To train a deep learning model, we need to create a data loader from the dataset. Dataloaders offer multi-worker, multi-processing capabilities without requiring us to right codes for that. So let’s first create a dataloader from the dataset.

from torch.utils.data import DataLoader
dataloader = DataLoader(check_dataset,batch_size = None, shuffle = True) # Here we select batch size to be None as we have already batched our data in dataset.

Check whether dataloader works on not.

for i, (data,labels) in enumerate(dataloader):
    print(data.shape, labels.shape)
    print(labels)  # Just to see the labels.
    if i == 3: break
torch.Size([10, 1, 32, 32]) torch.Size([10])
tensor([4, 4, 4, 4, 4, 4, 4, 4, 4, 4])
torch.Size([10, 1, 32, 32]) torch.Size([10])
tensor([2, 2, 2, 2, 2, 2, 2, 2, 2, 2])
torch.Size([10, 1, 32, 32]) torch.Size([10])
tensor([3, 3, 3, 3, 3, 3, 3, 3, 3, 3])
torch.Size([10, 1, 32, 32]) torch.Size([10])
tensor([0, 0, 0, 0, 0, 0, 0, 0, 0, 0])

Now that dataloader works, we will use it to train a simple deep learning model.
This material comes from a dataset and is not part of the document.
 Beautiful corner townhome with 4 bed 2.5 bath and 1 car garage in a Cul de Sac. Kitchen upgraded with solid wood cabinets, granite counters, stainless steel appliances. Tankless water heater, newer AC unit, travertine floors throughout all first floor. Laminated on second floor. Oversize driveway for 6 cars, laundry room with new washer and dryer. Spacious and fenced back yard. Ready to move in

The focus of this post is not on the model itself. So we will use a simplest model. If readers want a different model, they can do so by just replacing our model with theirs.

3. Feed chunks of data to a CNN model and train it for several epochs

But before we build the model and train it, we will first move our files to different folders depending on their fault type. We do so as it will be convenient later to create a training, validation, and test set from the data.

import shutil

Create five different folders one each for a given fault type.
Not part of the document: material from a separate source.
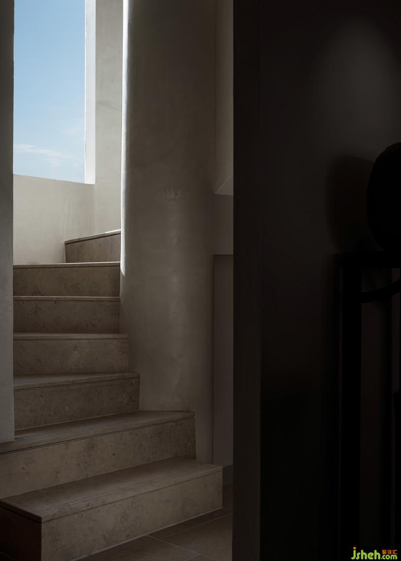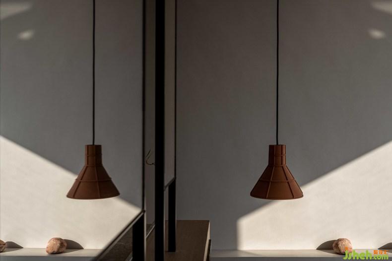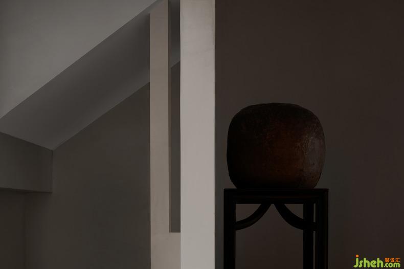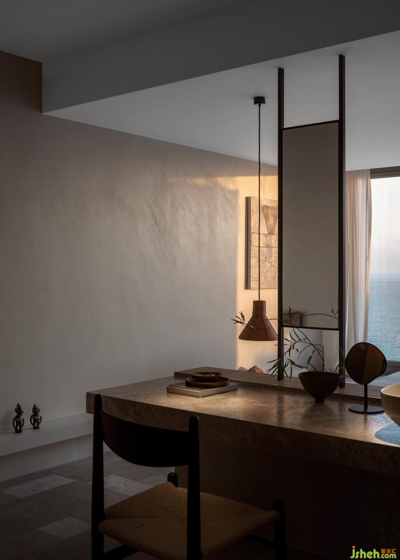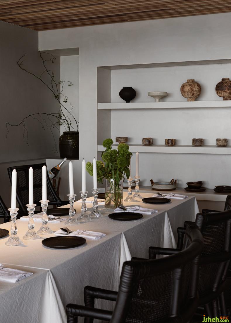 餐廳位于接待區(qū)下方。承接而下的樓梯小徑,帶著點古堡神秘的味道,將人引入一片拙樸而典雅的氛圍。酒店設(shè)計空間以留白為形式主題,通過陶器、木飾天花板和大理石桌的設(shè)置,保留整體的干凈與簡單。一器一物,一茶一飯,生活的動人,往往就在于不著痕跡卻又恰到好處的細節(jié)之中。

fault_folders = ["Fault_1", "Fault_2", "Fault_3", "Fault_4", "Fault_5"]
for folder_name in fault_folders:
    os.mkdir(os.path.join("./random_data", folder_name))

Move files into those folders.

for file in files:
    pattern = "^" + eval("file[14:21]")
    for j in range(len(fault_folders)):
        if re.match(pattern, fault_folders[j]):
            dest = os.path.join("./random_data/",eval("fault_folders[j]"))
            shutil.move(file, dest)
glob.glob("./random_data/*")
['./random_data/Fault_1',
 './random_data/Fault_2',
 './random_data/Fault_3',
 './random_data/Fault_4',
 './random_data/Fault_5']
glob.glob("./random_data/Fault_1/*")[:10] # Showing first 10 files of Fault_1 folder
['./random_data/Fault_1/Fault_1_001.csv',
 './random_data/Fault_1/Fault_1_002.csv',
 './random_data/Fault_1/Fault_1_003.csv',
 './random_data/Fault_1/Fault_1_004.csv',
 './random_data/Fault_1/Fault_1_005.csv',
 './random_data/Fault_1/Fault_1_006.csv',
 './random_data/Fault_1/Fault_1_007.csv',
 './random_data/Fault_1/Fault_1_008.csv',
 './random_data/Fault_1/Fault_1_009.csv',
 './random_data/Fault_1/Fault_1_010.csv']
glob.glob("./random_data/Fault_3/*")[:10] # Showing first 10 files of Fault_3 folder
['./random_data/Fault_3/Fault_3_001.csv',
 './random_data/Fault_3/Fault_3_002.csv',
 './random_data/Fault_3/Fault_3_003.csv',
 './random_data/Fault_3/Fault_3_004.csv',
 './random_data/Fault_3/Fault_3_005.csv',
 './random_data/Fault_3/Fault_3_006.csv',
 './random_data/Fault_3/Fault_3_007.csv',
 './random_data/Fault_3/Fault_3_008.csv',
 './random_data/Fault_3/Fault_3_009.csv',
 './random_data/Fault_3/Fault_3_010.csv']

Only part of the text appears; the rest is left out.